Ces boîtes ont un sol nu car des grains de sable collés sur la proie pourraient blesser gravement le tube digestif.
Il faut éviter d'introduire des rongeurs ou d'autres proies dans un terrarium. Non seulement les rongeurs constituent un danger en cas de morsure mais les serpents seraient désorientés et incommodés par les odeurs.


Deux jeunes serpents se nourissent d'une souris.. (Photo Gilbert Matz)

Tableau 2 - Nombre de serpents acceptant une première proie en fonction des repas présentés.


Status legal
Epicrates maurus est à l'Annexe Il de la Convention de Washington et en raison de sa présence en Guyane, est soumis à l'Arrêté du 15 mai 1986 :" la naturalisation, le colportage, la mise en vente ou l'achat, le transport sont interdits en tout temps et sur tout le territoire national" sauf dérogation.


  Remerciements
Mes plus vifs remerciements vont à Noël CHAPON qui, en 1972, m'a offert les nouveau-nés qui formeront notre premier groupe de reproduction et à mon épouse Jeanine MATZ qui, depuis 30 ans, apporte sa contribution méticuleuse et quotidienne à l'entretien de l'élevage de serpents et à celui de leurs proies; seules son abnégation et notre passion commune pour les reptiles ont assuré le succès de cet élevage.

Conclusion
Depuis 30 ans, nous disposons d'un élevage d'Epicrates maurus.L'observation à ce jour de 58 reproductions,avec un total de 383 nouveau-nés, soit 6,6 en moyenne, nous permet de donner des précisions sur la biologie de reproduction.

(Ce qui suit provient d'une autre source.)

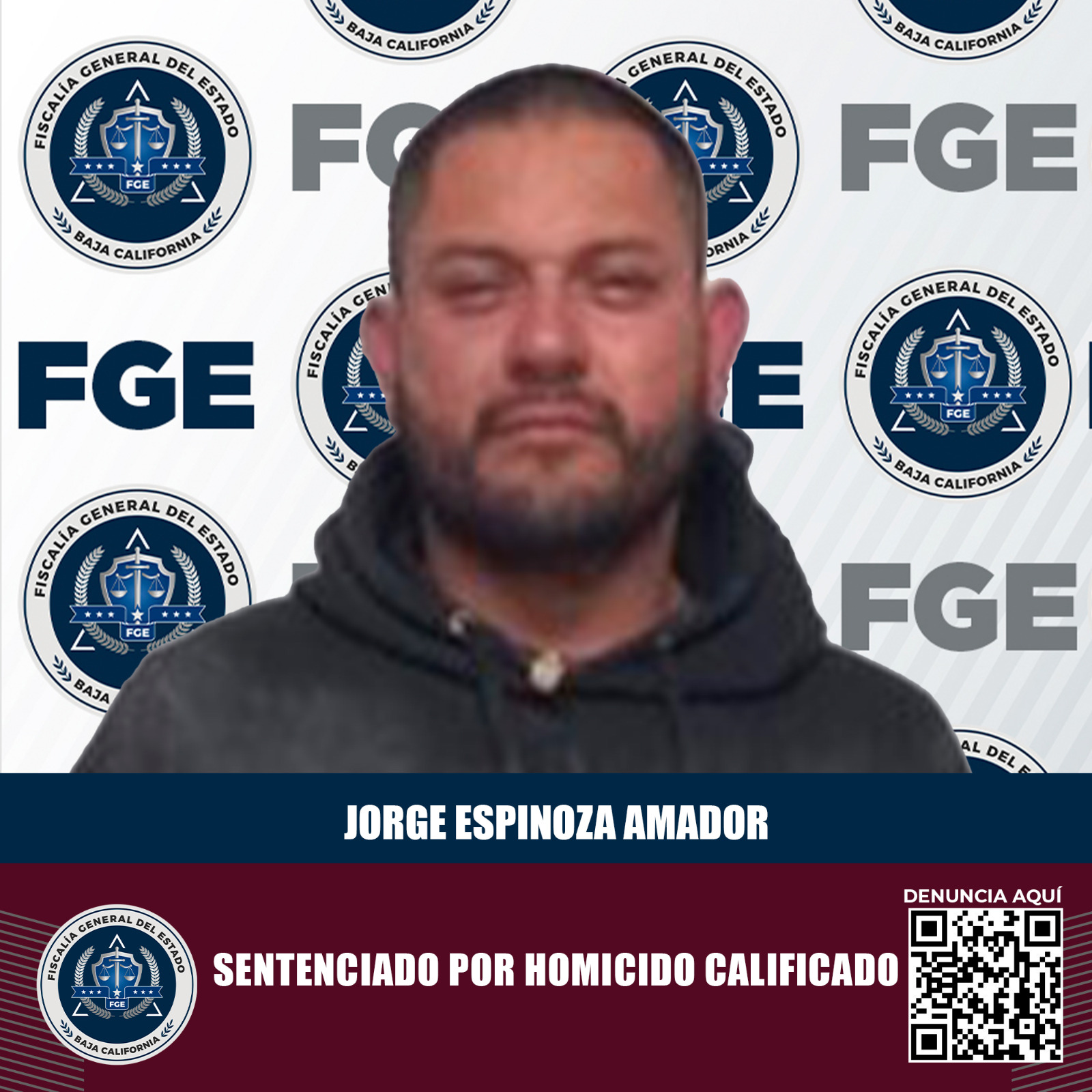 MEXICALI, BAJA CALIFORNIA. - La Fiscalía General del Estado, logró una sentencia de 23 años de prisión en contra de Jorge Espinoza Amador a quien un Juez Penal encontró culpable del delito de homicidio calificado.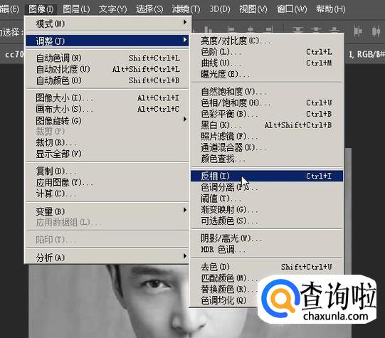 在弹出的列表中,鼠标放在“调整”这里,右侧弹出子菜单再点:反相
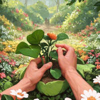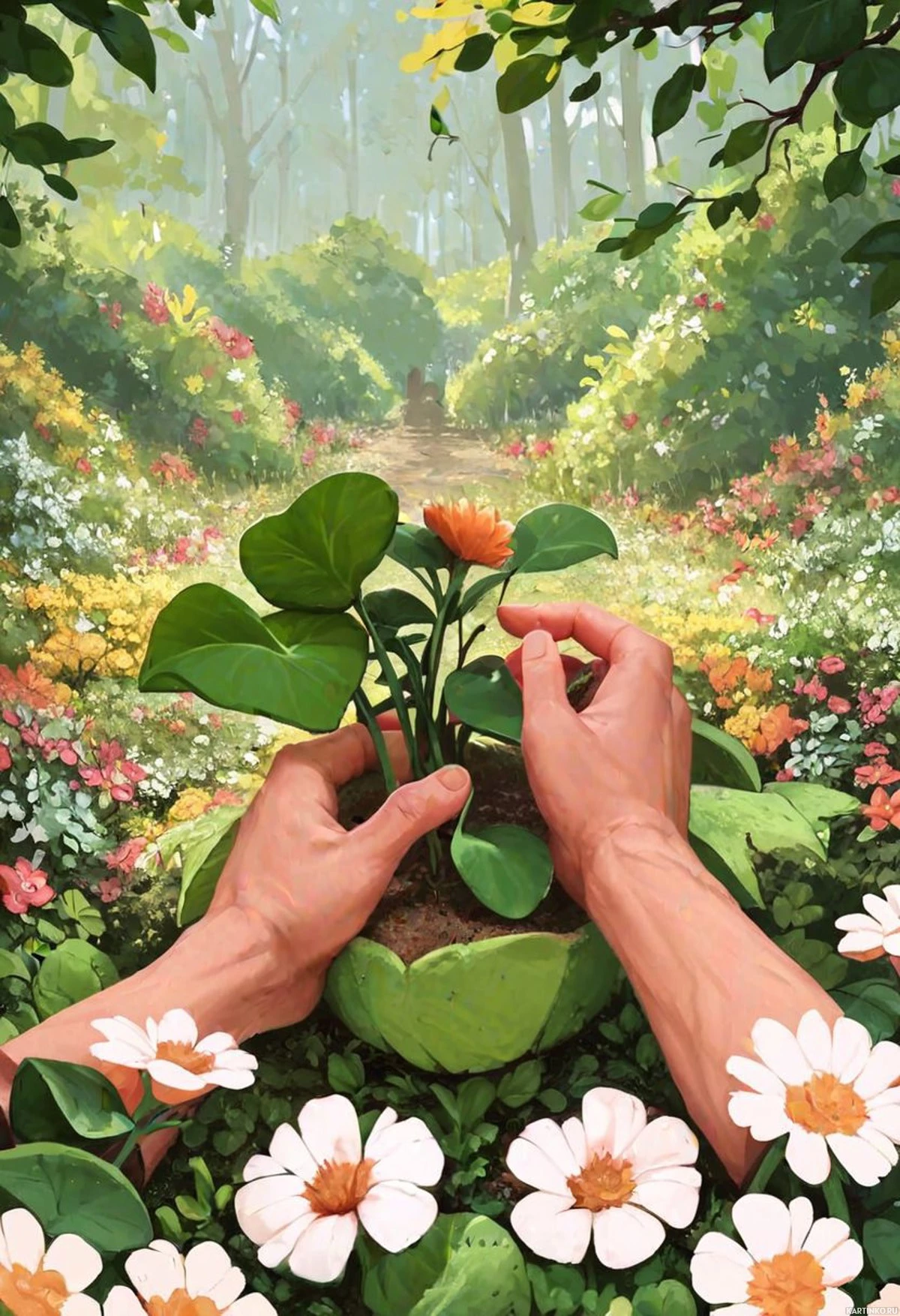human hands gently cradling a flower seedling in a pot, with both thumbs and forefingers touching the soil. The environment around the hands is lush and colorful, featuring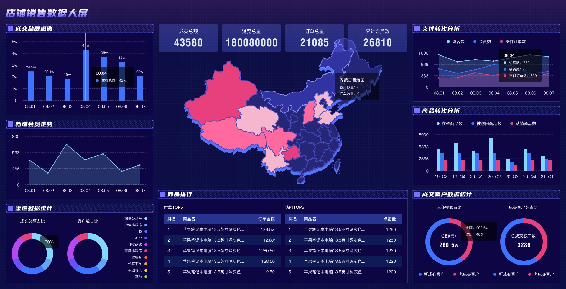 内容模块:成交总额概览、新增会员走势、渠道数据统计、商品排行、支付转化分析、商品转化分析、成交客户数据统计、会员分布地图、总数据概览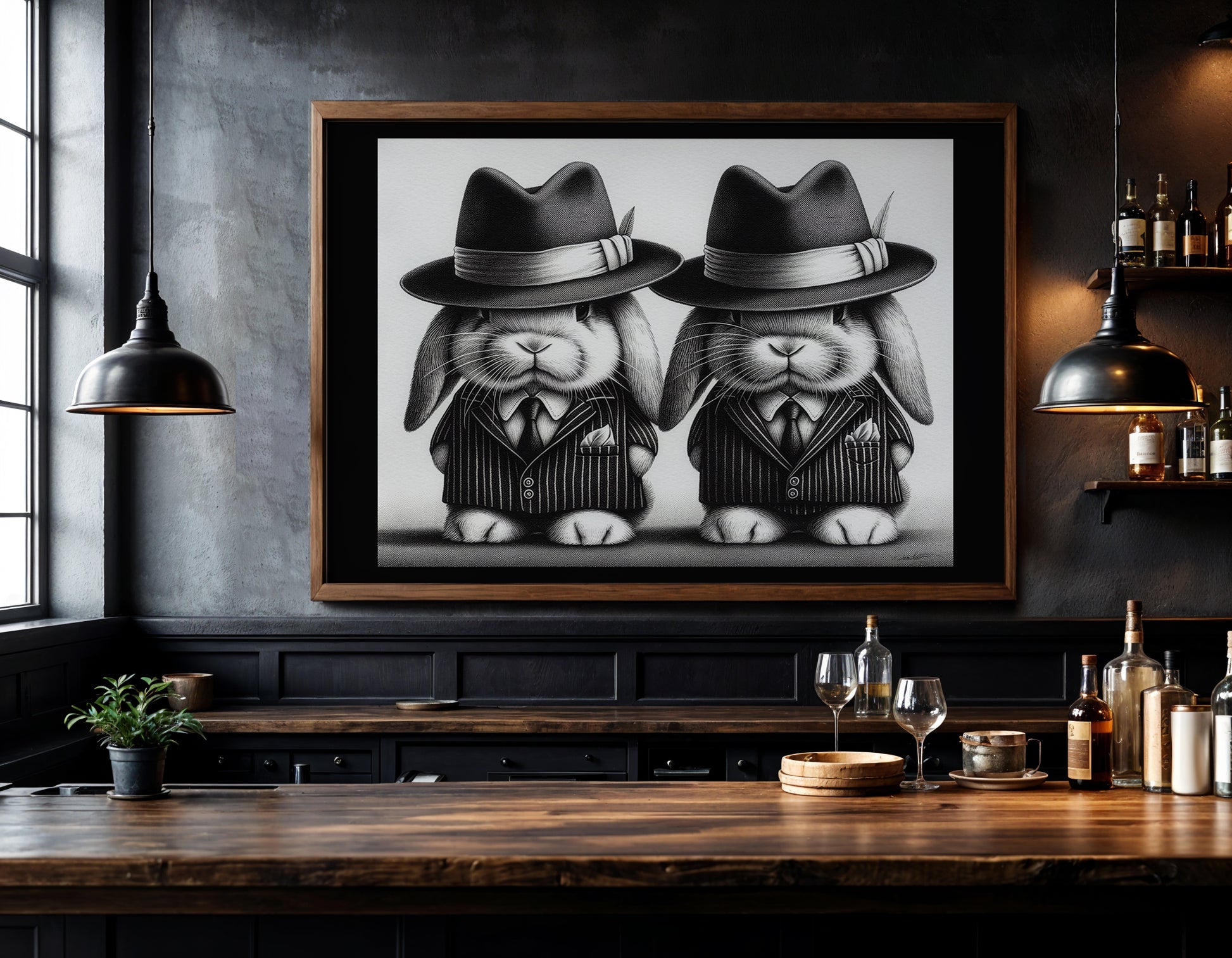 Meet the most dapper duo in town—two irresistibly cute bunnies sporting classic gangster style with fedoras, suspenders, and attitude to match. This hand-drawn digital artwork captures their floppy ears and mischievous charm in playful detail. Perfect for adding a quirky, fun vibe to any space, this design is available across a range of items so you can show off your love for these adorable outlaws wherever you go. Whether you're a fan of vintage style with a humorous twist or just can't resist cute critters with personality, the Gangster Bunnies will bring smiles and conversation starters to your collection.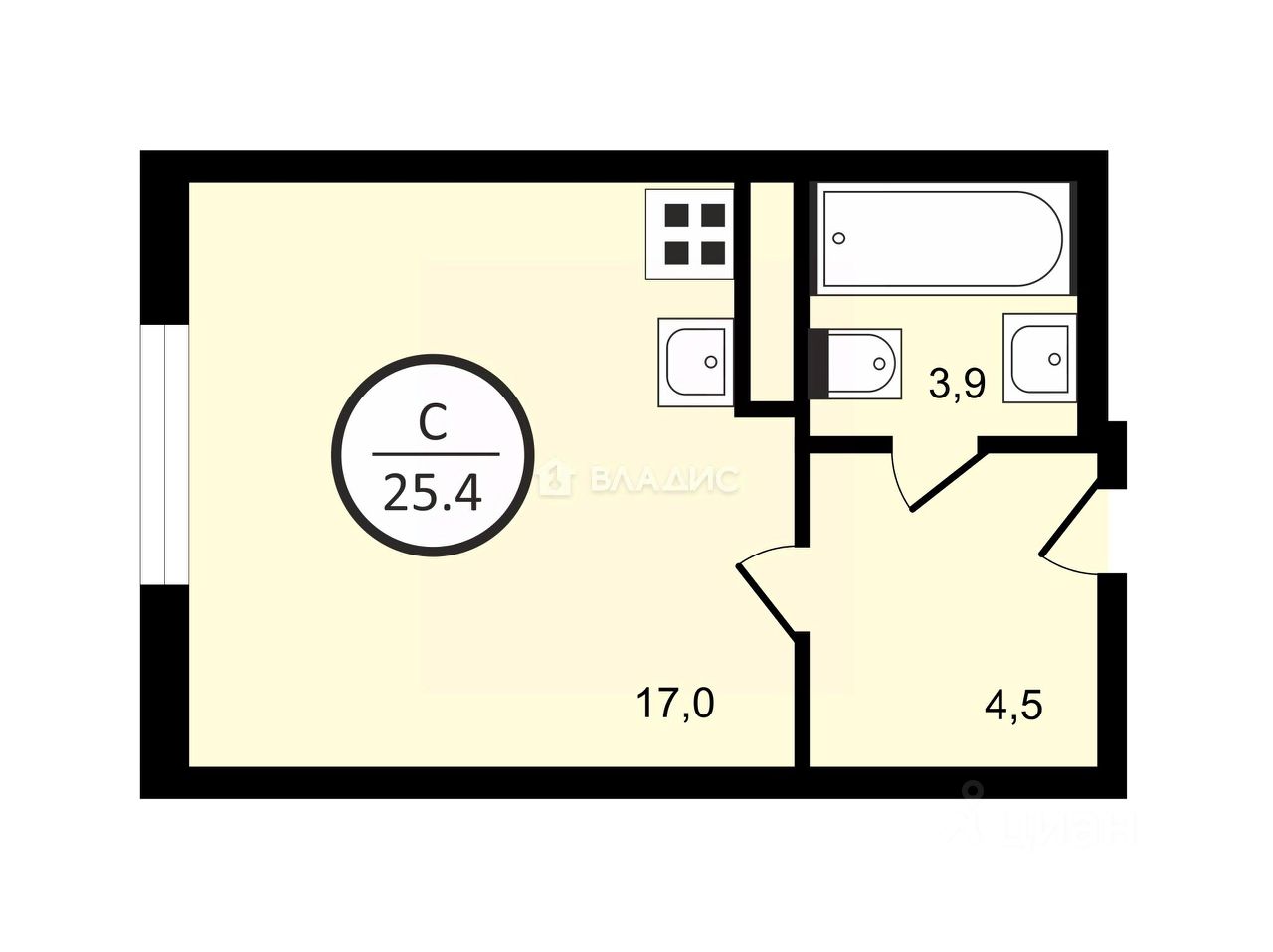 Квартира расположена на 5 этаже 25-этажного монолитного дома. Общая площадь — 25,4 кв. м., В квартире выполнен евроремонт, установлена функциональной мебелью и техника, поэтому можно сразу заселиться и жить! Есть продуманное место для хранения!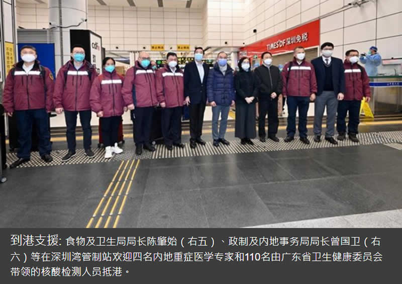 继早两日抵港的四位内地流行病学专家,以及多名检测技术人员连同两部流动检测车后,中央今日再派出四名内地重症医学专家和110名核酸检测人员来港参与抗疫工作。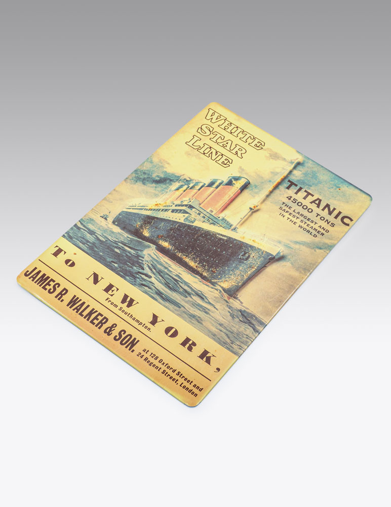 Revive la fascinante historia del Titanic con esta placa decorativa inspirada en los míticos carteles promocionales de la White Star Line.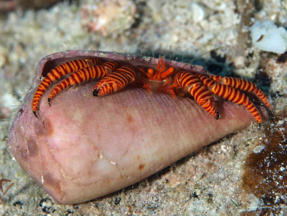 撮影 2008/12/02 沖縄県 竹富島 掲載 2013/05/28 ⇒異尾類・シャコの仲間 体色の濃いタイプの写真が撮れたので追加しました。なんだかやけにふてぶてしい印象ですが、その実態は極めつきの臆病者です。
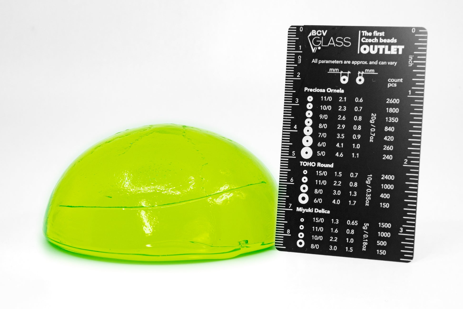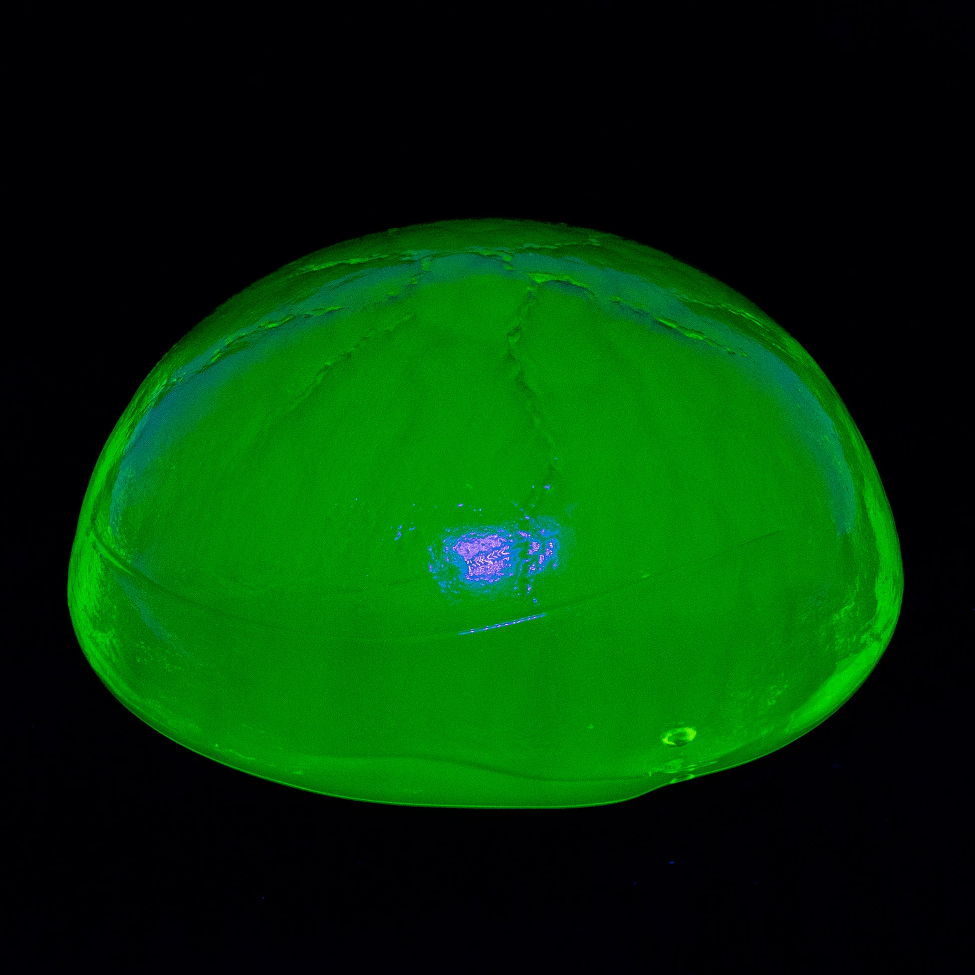 製品は、ワセリンガラスとも呼ばれる蛍光ウランガラスで作られています。

Les facteurs de l'environnement interviennent dans l'induction de la reproduction et nous indiquons la marche à suivre pour créer de bonnes conditions pour l'obtention de la reproduction. Espèce de petite taille, de coloration brillante, non agressive, à longévité remarquable et qui ne pose aucun problème, elle convient parfaitement pour un élevage amateur et devrait faire son entrée dans les listes positives, si celles-ci voient le jour !

Bibliographie

BULIAN J. 1994. Uber die Haltung und Zucht der Regenbogenboa Epicrates cenchria maurus. Herpetofauna,16 (92) 31-34.
CREWS o. & GARRICK LO. 1980. Methods of inducing reproduction in captive Reptiles. S.S.A.R. Contrib. Herpetol. (1) 49-70.
MATZ G., MATZ J. & VANDERHAEGE M. 1982. Les Boïdés ou Serpents constricteurs. 8. Reproduction deux Boïnés : Epicrates c. maurus GRAY et Acrantophis dumerili Jan.Aquarama, 16 (63) 49-51 et 66-67.
MATZ G. 1984. La reproduction des reptiles et les facteurs de son induction. Acta Zool. Pathol.Antverp. (78) 33-68.
ROSS R.A. & MARZEC G. 1990. The Reproductive Husbandry of Pythons and Boas. Institut for Herpetologicai Research, Stanford. 27Op.
STARACE F. 1998. Guide des Serpets et Amphisbènes de Guyane. Ibis Rouge Edit., Guadeloupe - Guyane. 449p.